Extracted data entries:
····················
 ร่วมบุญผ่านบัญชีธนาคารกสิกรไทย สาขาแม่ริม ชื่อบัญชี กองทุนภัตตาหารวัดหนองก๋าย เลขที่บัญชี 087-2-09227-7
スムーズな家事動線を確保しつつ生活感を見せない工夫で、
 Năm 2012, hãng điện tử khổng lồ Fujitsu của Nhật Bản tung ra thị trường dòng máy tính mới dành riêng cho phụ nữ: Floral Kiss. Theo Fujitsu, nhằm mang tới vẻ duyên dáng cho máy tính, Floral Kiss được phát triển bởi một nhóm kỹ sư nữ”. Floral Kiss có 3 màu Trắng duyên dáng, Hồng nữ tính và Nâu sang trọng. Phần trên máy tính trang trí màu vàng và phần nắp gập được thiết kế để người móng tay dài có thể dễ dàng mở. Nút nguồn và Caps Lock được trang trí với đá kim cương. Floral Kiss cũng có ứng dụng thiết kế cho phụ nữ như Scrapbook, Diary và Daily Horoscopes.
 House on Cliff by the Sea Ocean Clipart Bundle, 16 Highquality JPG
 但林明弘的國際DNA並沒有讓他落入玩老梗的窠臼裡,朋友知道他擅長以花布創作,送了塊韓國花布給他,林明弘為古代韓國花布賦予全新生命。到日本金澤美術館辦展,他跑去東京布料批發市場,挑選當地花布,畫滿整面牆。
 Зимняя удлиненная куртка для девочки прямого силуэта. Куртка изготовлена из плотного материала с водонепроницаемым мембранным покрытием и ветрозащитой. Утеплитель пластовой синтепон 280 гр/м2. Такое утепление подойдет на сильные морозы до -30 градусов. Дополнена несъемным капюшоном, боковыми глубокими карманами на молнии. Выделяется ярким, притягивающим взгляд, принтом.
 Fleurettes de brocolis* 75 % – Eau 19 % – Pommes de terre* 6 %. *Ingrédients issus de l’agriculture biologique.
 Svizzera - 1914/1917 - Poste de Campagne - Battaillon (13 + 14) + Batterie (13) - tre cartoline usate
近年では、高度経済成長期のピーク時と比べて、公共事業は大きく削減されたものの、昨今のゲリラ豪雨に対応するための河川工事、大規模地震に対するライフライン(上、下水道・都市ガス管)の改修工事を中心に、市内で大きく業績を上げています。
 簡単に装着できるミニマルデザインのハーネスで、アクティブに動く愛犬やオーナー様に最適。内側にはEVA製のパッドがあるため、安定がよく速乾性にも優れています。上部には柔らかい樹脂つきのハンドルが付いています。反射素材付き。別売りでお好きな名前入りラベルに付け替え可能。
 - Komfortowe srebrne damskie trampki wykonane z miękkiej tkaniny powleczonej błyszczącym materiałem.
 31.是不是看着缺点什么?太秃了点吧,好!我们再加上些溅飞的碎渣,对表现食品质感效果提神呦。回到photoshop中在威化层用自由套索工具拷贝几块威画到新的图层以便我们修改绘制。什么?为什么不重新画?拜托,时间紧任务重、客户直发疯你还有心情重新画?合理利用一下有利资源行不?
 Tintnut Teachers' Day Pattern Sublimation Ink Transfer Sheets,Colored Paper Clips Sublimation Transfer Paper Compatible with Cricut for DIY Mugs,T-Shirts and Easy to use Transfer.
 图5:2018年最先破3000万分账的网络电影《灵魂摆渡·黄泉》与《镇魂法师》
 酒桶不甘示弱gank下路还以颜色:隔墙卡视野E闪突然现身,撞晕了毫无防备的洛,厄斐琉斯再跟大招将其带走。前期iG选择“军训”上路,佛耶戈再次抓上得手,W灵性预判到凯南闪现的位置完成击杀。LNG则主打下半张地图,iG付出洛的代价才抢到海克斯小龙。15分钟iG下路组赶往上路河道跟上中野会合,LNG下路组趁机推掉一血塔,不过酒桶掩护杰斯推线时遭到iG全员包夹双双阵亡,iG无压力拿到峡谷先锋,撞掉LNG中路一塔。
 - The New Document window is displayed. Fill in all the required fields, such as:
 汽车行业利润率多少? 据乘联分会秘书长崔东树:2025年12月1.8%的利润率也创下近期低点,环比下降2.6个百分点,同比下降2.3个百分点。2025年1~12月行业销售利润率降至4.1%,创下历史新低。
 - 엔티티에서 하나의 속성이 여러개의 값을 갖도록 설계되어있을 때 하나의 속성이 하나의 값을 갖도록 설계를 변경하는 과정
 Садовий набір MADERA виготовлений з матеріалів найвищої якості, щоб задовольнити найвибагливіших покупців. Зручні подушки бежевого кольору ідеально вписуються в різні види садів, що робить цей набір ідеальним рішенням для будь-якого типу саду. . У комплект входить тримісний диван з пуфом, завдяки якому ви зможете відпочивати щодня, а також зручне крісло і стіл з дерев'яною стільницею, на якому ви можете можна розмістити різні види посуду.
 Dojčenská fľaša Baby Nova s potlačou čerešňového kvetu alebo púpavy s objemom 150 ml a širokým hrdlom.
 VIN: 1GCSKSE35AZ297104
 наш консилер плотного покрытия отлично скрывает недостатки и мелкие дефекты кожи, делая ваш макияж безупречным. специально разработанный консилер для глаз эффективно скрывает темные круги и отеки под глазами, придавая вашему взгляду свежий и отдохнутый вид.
····················
Try it: Exactly the lines running from the top of the records to the line that contains "スムーズな家事動線を確保しつつ生活感を見せない工夫で、", inclusive, must be set down, and nothing more.

Problem solution:
 ร่วมบุญผ่านบัญชีธนาคารกสิกรไทย สาขาแม่ริม ชื่อบัญชี กองทุนภัตตาหารวัดหนองก๋าย เลขที่บัญชี 087-2-09227-7
スムーズな家事動線を確保しつつ生活感を見せない工夫で、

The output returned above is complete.